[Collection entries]

☆ ☆ ☆

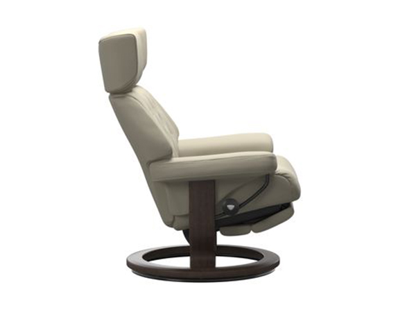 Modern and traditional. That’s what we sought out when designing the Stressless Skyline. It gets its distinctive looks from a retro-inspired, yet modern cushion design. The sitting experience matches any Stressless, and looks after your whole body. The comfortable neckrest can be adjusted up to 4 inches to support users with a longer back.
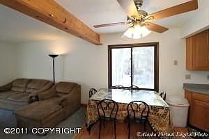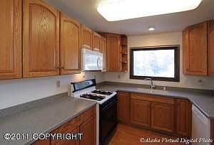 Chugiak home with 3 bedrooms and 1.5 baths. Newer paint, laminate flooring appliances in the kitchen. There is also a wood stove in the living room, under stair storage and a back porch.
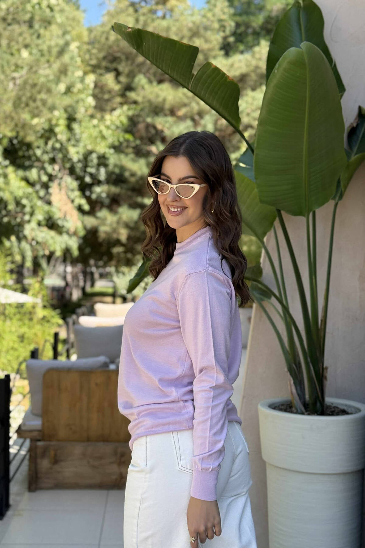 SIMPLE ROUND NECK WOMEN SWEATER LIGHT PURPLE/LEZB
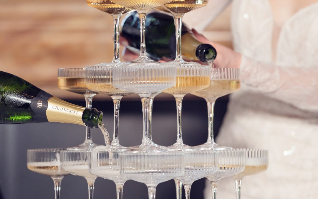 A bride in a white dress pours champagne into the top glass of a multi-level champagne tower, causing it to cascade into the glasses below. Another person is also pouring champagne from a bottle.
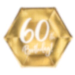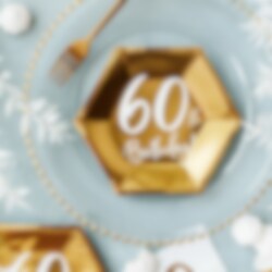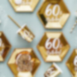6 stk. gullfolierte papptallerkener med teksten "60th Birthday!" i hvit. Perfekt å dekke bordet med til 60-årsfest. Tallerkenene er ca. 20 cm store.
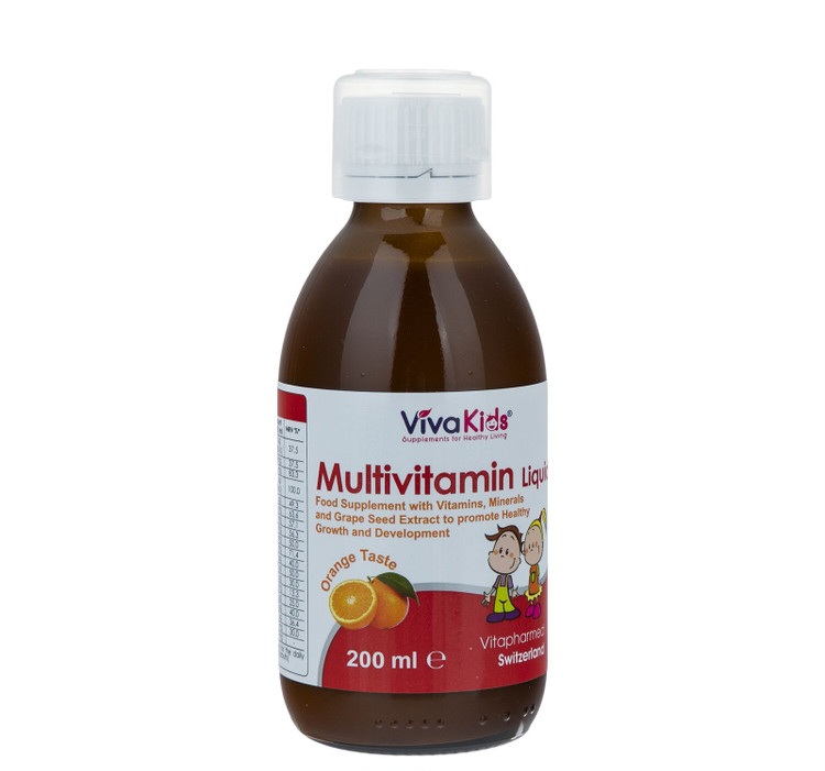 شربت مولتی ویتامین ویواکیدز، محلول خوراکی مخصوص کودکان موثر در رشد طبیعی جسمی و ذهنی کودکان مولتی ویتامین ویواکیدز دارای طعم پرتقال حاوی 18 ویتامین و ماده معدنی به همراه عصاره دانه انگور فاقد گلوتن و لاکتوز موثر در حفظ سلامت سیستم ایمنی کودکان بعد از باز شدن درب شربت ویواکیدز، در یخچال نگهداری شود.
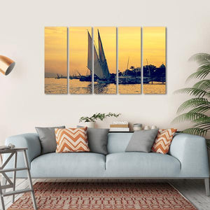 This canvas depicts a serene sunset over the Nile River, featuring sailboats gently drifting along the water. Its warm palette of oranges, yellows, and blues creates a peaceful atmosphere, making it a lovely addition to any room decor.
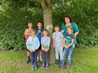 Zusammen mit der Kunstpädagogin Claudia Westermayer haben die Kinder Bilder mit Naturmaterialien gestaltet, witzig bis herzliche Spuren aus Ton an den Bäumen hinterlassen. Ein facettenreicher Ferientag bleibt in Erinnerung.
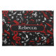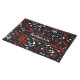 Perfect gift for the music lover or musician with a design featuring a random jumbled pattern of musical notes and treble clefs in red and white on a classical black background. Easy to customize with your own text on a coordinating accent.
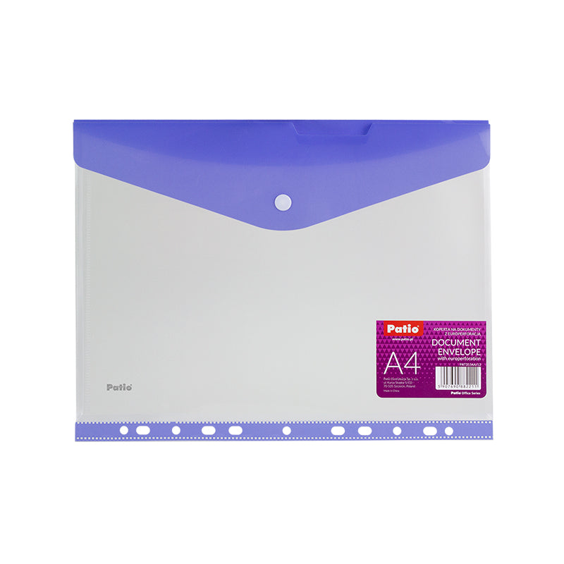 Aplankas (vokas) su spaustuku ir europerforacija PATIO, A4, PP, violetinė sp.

☆ ☆ ☆

Every record above needs to be repeated exactly; pictures are to be left out.

 Modern and traditional. That’s what we sought out when designing the Stressless Skyline. It gets its distinctive looks from a retro-inspired, yet modern cushion design. The sitting experience matches any Stressless, and looks after your whole body. The comfortable neckrest can be adjusted up to 4 inches to support users with a longer back.
 Chugiak home with 3 bedrooms and 1.5 baths. Newer paint, laminate flooring appliances in the kitchen. There is also a wood stove in the living room, under stair storage and a back porch.
 SIMPLE ROUND NECK WOMEN SWEATER LIGHT PURPLE/LEZB
 A bride in a white dress pours champagne into the top glass of a multi-level champagne tower, causing it to cascade into the glasses below. Another person is also pouring champagne from a bottle.
6 stk. gullfolierte papptallerkener med teksten "60th Birthday!" i hvit. Perfekt å dekke bordet med til 60-årsfest. Tallerkenene er ca. 20 cm store.
 شربت مولتی ویتامین ویواکیدز، محلول خوراکی مخصوص کودکان موثر در رشد طبیعی جسمی و ذهنی کودکان مولتی ویتامین ویواکیدز دارای طعم پرتقال حاوی 18 ویتامین و ماده معدنی به همراه عصاره دانه انگور فاقد گلوتن و لاکتوز موثر در حفظ سلامت سیستم ایمنی کودکان بعد از باز شدن درب شربت ویواکیدز، در یخچال نگهداری شود.
 This canvas depicts a serene sunset over the Nile River, featuring sailboats gently drifting along the water. Its warm palette of oranges, yellows, and blues creates a peaceful atmosphere, making it a lovely addition to any room decor.
 Zusammen mit der Kunstpädagogin Claudia Westermayer haben die Kinder Bilder mit Naturmaterialien gestaltet, witzig bis herzliche Spuren aus Ton an den Bäumen hinterlassen. Ein facettenreicher Ferientag bleibt in Erinnerung.
 Perfect gift for the music lover or musician with a design featuring a random jumbled pattern of musical notes and treble clefs in red and white on a classical black background. Easy to customize with your own text on a coordinating accent.
 Aplankas (vokas) su spaustuku ir europerforacija PATIO, A4, PP, violetinė sp.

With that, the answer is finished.